The "P" in PDF stands for "Portable", and PDF is now an ISO Specification. So you could be forgiven for being surprised when you learn about XFA. We're asked about it a lot so what follows is a bit of a FAQ.
What is XFA
XFA stands for "XML Forms Architecture", and it's been part of Acrobat since Acrobat 6. It's an XML syntax which defines the document (the whole document, not just the form fields) and is embedded inside the PDF. While the specification itself is open and available, it's not part of the ISO PDF specification. It's also long (1500+ pages) and complex, having gone through 10 revisions since Acrobat 6. XFA was deprecated in 2020 with the release of PDF 2.0.
Why does it exist?
Well, the original forms in PDF are arguably a bit of a flawed design and there are a lot of things that could have been done better, so there was room for improvement. XFA is a dialect of XML, which is a sensible container format, and it separates data from content in much the same way as the W3C XForms specification, which is undeniably a good thing.
So what are the problems with XFA
Personally I have quite a list, but the main one is XFA replaces, not augments, the PDF specification: the PDF file is now just a container, and the entire document is defined in the XFA layer. It undoubtedly warranted a new XFA file format; so by trying to elbow it in via the existing standard of PDF Adobe ensured a generation of confusion and annoyance from third party vendors and their customers.
Which tools support it?
For full support, you need Adobe's own products. Our API has limited support as described below, and we expect other third-party products to have support ranging from none to limited.
How do I create an XFA document?
You need an XFA-aware PDF producer, which is likely to be Adobe LiveCycle. When you save your document it will save it as an XFA PDF, and you'll have two options:
- By default, the XFA-enabled PDF is just a basic shell around the XFA document. The entire document is defined in XFA, and an application that's not aware of XFA simply gets a single page PDF requesting you use a newer version of Acrobat.
- You can also save your XFA PDF in "compatibility" mode, which will also create the pages, form fields and other content in the normal PDF way - the document is effectively stored twice, once as XFA, once as PDF. An XFA-aware application like Acrobat will read from the XFA layer (and ignore the PDF layer), and a non-XFA aware application will ignore the XFA layer and use the PDF layer. Obviously, subsequent edits should be made with a tool that can keep the two in sync.
What support do BFO tools have for XFA?
- For PDFs saved without the "compatibility" layer, almost none. You can retrieve or update the XFA object as an XML document, or you can update just the "datasets" object, which is the data model. This effectively allows you to read and write the form values, although you can't see the fields themselves. You can also read/write the document metadata (author, title etc.) but anything else related to document content is unavailable: you can't access the document pages (the pagelist will always return a single dummy page) and you can't view or edit the form fields.
- PDFs saved with a "compatibility" layer can be accessed for reading in a normal way - the PDF pages are valid so you can display them in our viewer or list the form fields and their content. You can also update the values of the form fields (we synchronize the XFA data to match) but any other changes to the PDF will not be synchronized and so will be ignored by Acrobat - so changes like this should be avoided.
- The final thing you can do with compatibility XFA documents is delete the XFA layer. Once removed, Acrobat will treat the PDF as a normal PDF and pages can be modified, form fields added or removed without problems.
How do I know what sort of PDF I have?
- To identify an XFA document, you can check the
feature in the PDF OutputProfile:
boolean xfa = pdf.getBasicOutputProfile().isSet(OutputProfile.Feature.XFAForm);
- Identifying a non-compatibility layer PDF is trickier. Our API will only find a single page and no form fields, and most XFA documents would contain at least one field so this is probably a good test. The only way to know for sure is if you open the PDF with our viewer (or any non-Acrobat viewer) and you see "To view the full contents of this document, you need a later version of the PDF viewer", "If this message is not eventually replaced by the proper contents of the document, your PDF viewer may not be able to display this type of document." or other words to that effect.

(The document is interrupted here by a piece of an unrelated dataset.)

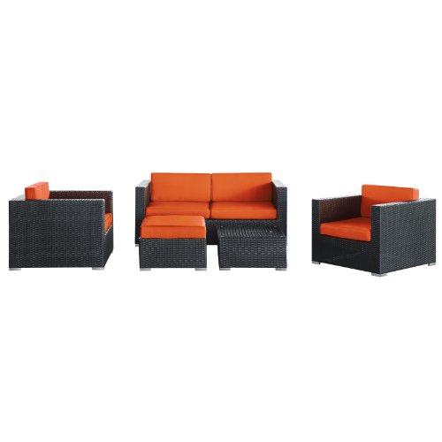 LexMod Malibu Outdoor Wicker Patio 5 Piece Sofa Set In Espresso with Orange Cushions

How do I delete the XFA layer and what are the consequences?
How is very simple: with our API, just call:
For documents that are going through a final stage of processing before being sent out, and where the customer isn't expected to modify the form, removing the XFA layer should be fine.
What is the best practice for using XFA?
- If there are any products in the PDF's life cycle that are not produced by Acrobat - this includes general tools like ours, PDF viewers (perhaps on your customers machine), any archival requirements like those imposed by PDF/A or print service suppliers - then the best practice is to avoid it. Support from third-party vendors is extremely limited and likely to stay that way.
- If you have to use XFA, then always save your PDF with a "compatibility" layer. This will allow basic modifications as described above, and will give you the option of deleting the XFA layer if necessary.